The provincial registrar general is looking into how a property sale last year turned what had been a Crown-owned waterfront into a private beach.

Mark Coffin, who heads the province's land registration system, ordered an investigation after a beach in Cape Breton, which was a piece of provincial Crown land, was included when the land adjacent to the beach was purchased last summer.

Eugene MacKinnon, 14, was shocked recently when he tried to go to the little beach near his home in Big Harbour only to be told he was trespassing.

"Well, me, my dog and my brothers were going down to the beach and this girl said that she owns the property," said MacKinnon. "She said you can't come down. She said get off the property."

The new landowners, an American couple from New York state, have also posted "No Trespassing" signs along the trail that leads down to the beach near Baddeck.

Area residents decided to look into what was happening, and learned the beach was included in the sale, apparently by mistake.

"We got a hold of a local surveyor and started looking into this," said local Jim O'Brien. "It turns out, in fact, that from the surveyor's point of view, this is an incorrect migration of title."

Now O'Brien and his neighbours are worried that an administrative error has cost them access to the popular beach for good. They've started a petition to ask the provincial government to intervene and return the right of way to the Crown. So, far, they've collected 30 signatures.
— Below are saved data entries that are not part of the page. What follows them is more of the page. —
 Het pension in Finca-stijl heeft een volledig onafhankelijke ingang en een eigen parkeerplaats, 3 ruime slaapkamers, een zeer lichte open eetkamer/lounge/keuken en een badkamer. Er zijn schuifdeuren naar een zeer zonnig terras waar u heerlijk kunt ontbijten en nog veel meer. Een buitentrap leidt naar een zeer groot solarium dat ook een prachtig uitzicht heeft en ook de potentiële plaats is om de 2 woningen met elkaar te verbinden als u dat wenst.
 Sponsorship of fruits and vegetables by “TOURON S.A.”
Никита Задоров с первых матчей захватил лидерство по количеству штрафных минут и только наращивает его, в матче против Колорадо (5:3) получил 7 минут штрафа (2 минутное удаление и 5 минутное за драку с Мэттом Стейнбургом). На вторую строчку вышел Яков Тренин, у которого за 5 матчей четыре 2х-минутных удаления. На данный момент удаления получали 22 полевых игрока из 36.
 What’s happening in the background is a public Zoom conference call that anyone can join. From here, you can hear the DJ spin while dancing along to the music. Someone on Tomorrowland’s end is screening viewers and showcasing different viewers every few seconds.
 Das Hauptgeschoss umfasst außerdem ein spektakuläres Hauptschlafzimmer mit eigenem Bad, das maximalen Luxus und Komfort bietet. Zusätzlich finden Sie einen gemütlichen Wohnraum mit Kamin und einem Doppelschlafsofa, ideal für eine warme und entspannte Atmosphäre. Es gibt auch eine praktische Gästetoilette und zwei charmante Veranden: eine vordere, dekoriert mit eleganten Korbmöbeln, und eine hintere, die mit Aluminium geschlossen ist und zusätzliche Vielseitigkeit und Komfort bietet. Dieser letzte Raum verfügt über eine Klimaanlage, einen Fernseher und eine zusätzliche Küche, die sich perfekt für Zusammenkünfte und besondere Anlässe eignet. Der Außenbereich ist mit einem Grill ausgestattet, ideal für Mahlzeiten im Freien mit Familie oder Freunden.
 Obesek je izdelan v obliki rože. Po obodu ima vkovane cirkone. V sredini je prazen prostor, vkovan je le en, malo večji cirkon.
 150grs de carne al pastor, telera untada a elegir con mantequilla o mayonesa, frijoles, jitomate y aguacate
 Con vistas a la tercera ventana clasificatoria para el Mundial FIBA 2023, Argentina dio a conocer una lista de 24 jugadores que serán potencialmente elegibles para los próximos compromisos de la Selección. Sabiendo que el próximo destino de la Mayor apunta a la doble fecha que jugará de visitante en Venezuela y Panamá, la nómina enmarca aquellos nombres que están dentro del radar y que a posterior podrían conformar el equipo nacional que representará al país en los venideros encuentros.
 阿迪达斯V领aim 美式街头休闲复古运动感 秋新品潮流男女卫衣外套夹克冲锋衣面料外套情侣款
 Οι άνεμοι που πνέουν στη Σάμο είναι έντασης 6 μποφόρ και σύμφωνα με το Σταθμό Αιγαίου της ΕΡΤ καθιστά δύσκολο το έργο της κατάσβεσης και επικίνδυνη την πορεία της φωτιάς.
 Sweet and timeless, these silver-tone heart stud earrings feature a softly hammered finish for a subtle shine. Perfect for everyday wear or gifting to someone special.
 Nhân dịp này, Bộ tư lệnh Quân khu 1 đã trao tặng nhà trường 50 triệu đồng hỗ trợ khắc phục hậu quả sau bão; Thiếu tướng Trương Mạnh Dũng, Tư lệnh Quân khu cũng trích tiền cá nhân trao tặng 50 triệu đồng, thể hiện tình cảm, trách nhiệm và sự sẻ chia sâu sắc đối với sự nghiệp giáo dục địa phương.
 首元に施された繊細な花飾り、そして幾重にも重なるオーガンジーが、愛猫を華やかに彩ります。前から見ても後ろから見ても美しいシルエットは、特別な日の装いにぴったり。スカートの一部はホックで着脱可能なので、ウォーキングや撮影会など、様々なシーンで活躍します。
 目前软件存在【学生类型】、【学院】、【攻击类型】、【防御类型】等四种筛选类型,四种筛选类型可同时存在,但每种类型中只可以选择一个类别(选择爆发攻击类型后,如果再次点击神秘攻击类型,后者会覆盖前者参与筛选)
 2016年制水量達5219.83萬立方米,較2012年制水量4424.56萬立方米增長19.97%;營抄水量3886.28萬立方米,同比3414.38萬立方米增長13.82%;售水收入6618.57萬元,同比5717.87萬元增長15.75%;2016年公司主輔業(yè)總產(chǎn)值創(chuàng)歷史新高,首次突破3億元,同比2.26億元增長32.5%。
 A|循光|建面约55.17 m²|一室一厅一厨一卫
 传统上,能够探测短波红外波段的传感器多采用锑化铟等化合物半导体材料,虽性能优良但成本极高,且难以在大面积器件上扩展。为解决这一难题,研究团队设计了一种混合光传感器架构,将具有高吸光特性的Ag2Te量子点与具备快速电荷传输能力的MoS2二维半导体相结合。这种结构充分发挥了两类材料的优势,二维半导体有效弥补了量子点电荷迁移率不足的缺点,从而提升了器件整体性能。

"It's sort of a place where people would go for a swim on any sort of summer's day. It's a nice beach," said O'Brien.

"We ran a little regatta there and actually, you could get on it from either side, so if the wind is from one direction, you're protected or the other direction, you're protected so it's a very pleasant little spot."

O'Brien is concerned that returning the beach access might be difficult. In 2003, the Nova Scotia government brought in a new Land Registration Act that replaced the old paper system with the new computerized one.

O'Brien believes that once a property has been migrated to the province's new computerized land registry, the title is guaranteed and virtually impossible to change.

But Coffin said the land transfer error could be corrected, that there is a process to investigate some cases and the disputes are resolved to everyone's satisfaction.

In the meantime, Coffin has ordered an investigation into the land transfer of the beach at Big Harbour, which means the property could not be sold until the issue is resolved.